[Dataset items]
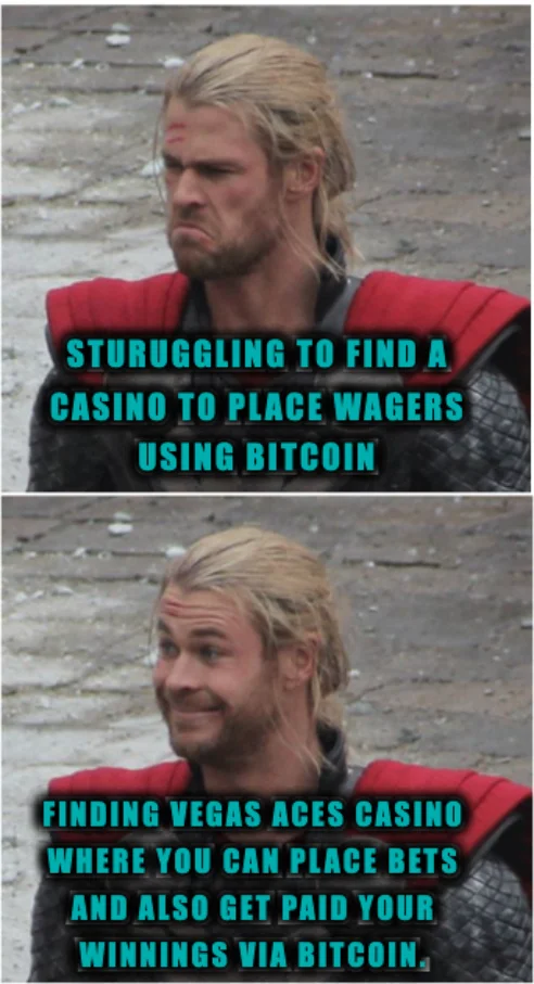 We have used Thor’s expressions to describe a crypto meme that involves wagering at Vegas Aces Casino. You can place bets here using bitcoins and other cryptocurrencies like Ethereum, lite coins, and Bitcoin cash. All your winnings can be paid via Bitcoin as well.
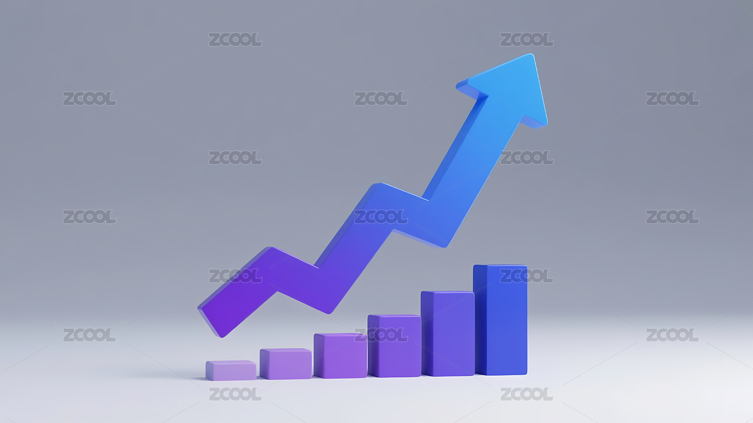 蓝色渐变玻璃质感金融柱状图增长箭头背景
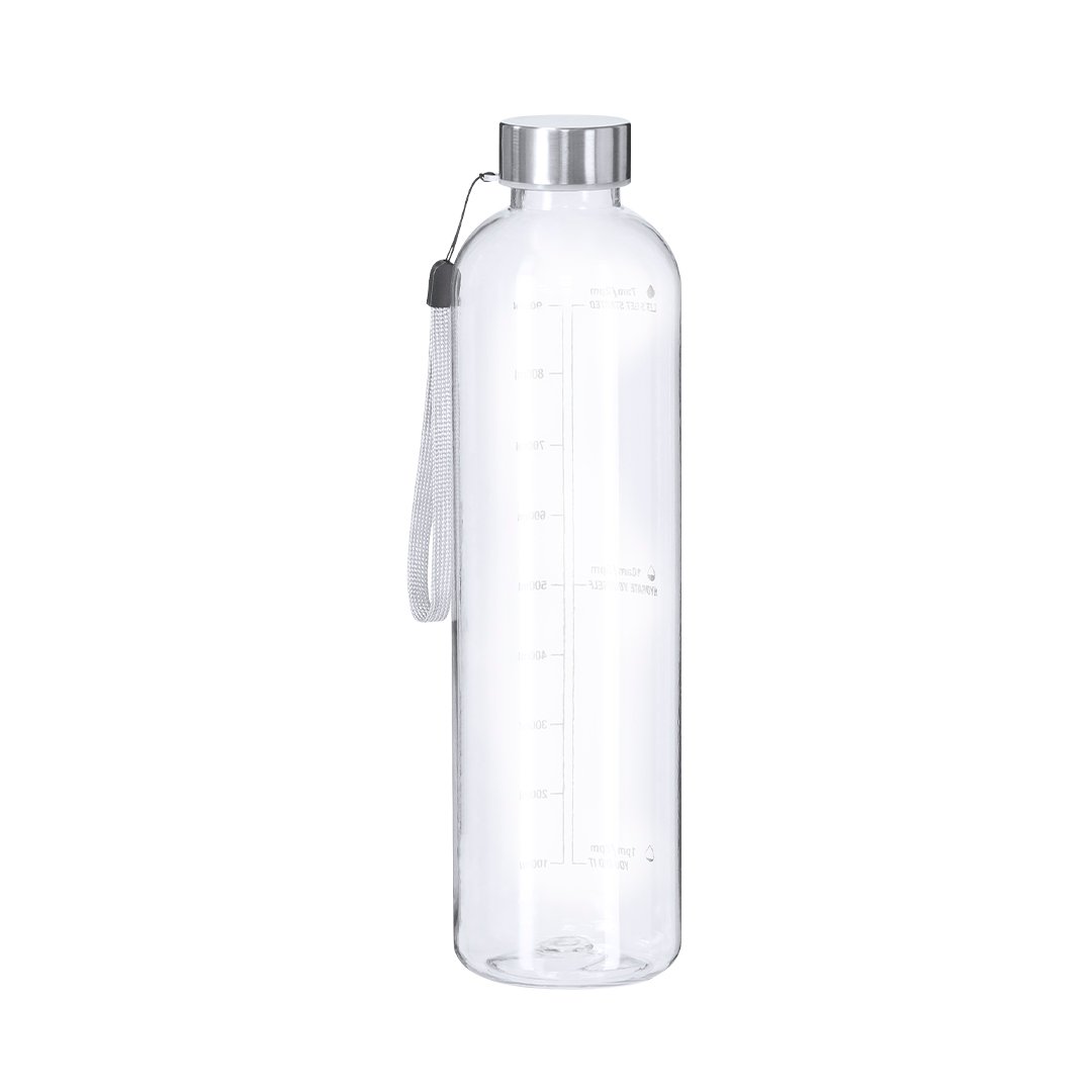 Bidón fabricado en RPET de 1L de capacidad, diseñado para fomentar una hidratación adecuada. Con cuerpo transparente. Incluye indicador de capacidad en litros y onzas, acompañado de frases motivadoras que inspiran a mantener una correcta hidratación diaria. Tapón, elaborado en Acero Inox, incluye práctico cordón para facilitar su transporte. Libre de BPA.
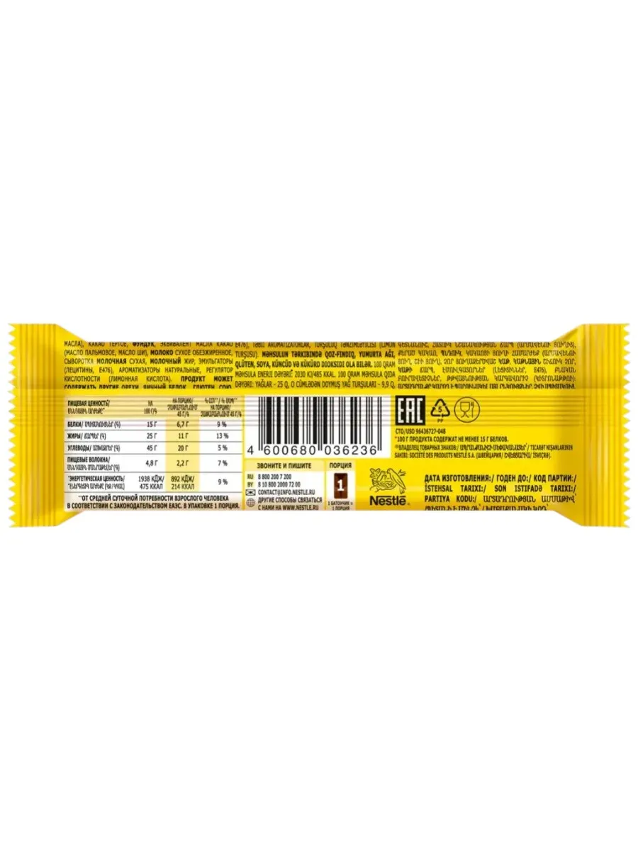 Классическое сочетание: Хрустящий фундук и мягкая нуга под слоем шоколада не оставят равнодушными любителей классического батончика.
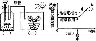 2. 某同学为研究某些环境因素对光合作用和呼吸作用的影响,设计了下面密闭的实验装置(一)、(二)。由漏斗向种子瓶内加入少量水后,测定的种子呼吸作用强度和植株光合作用强度变化曲线如下图(三)所示。据图分析,可以得出:
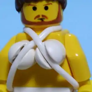 The 1999 single by Aphex Twin was designed by artist Chris Cunningham. The cover shows the musician's face pasted onto a female body. Somehow the LEGO version captures the unique cover pretty well — with a little help of some plastic wire to create a makeshift bikini!

- **What the task asks**
Please copy the records above word for word, leaving out every picture.

- **Written answer**
 We have used Thor’s expressions to describe a crypto meme that involves wagering at Vegas Aces Casino. You can place bets here using bitcoins and other cryptocurrencies like Ethereum, lite coins, and Bitcoin cash. All your winnings can be paid via Bitcoin as well.
 蓝色渐变玻璃质感金融柱状图增长箭头背景
 Bidón fabricado en RPET de 1L de capacidad, diseñado para fomentar una hidratación adecuada. Con cuerpo transparente. Incluye indicador de capacidad en litros y onzas, acompañado de frases motivadoras que inspiran a mantener una correcta hidratación diaria. Tapón, elaborado en Acero Inox, incluye práctico cordón para facilitar su transporte. Libre de BPA.
 Классическое сочетание: Хрустящий фундук и мягкая нуга под слоем шоколада не оставят равнодушными любителей классического батончика.
 2. 某同学为研究某些环境因素对光合作用和呼吸作用的影响,设计了下面密闭的实验装置(一)、(二)。由漏斗向种子瓶内加入少量水后,测定的种子呼吸作用强度和植株光合作用强度变化曲线如下图(三)所示。据图分析,可以得出:
 The 1999 single by Aphex Twin was designed by artist Chris Cunningham. The cover shows the musician's face pasted onto a female body. Somehow the LEGO version captures the unique cover pretty well — with a little help of some plastic wire to create a makeshift bikini!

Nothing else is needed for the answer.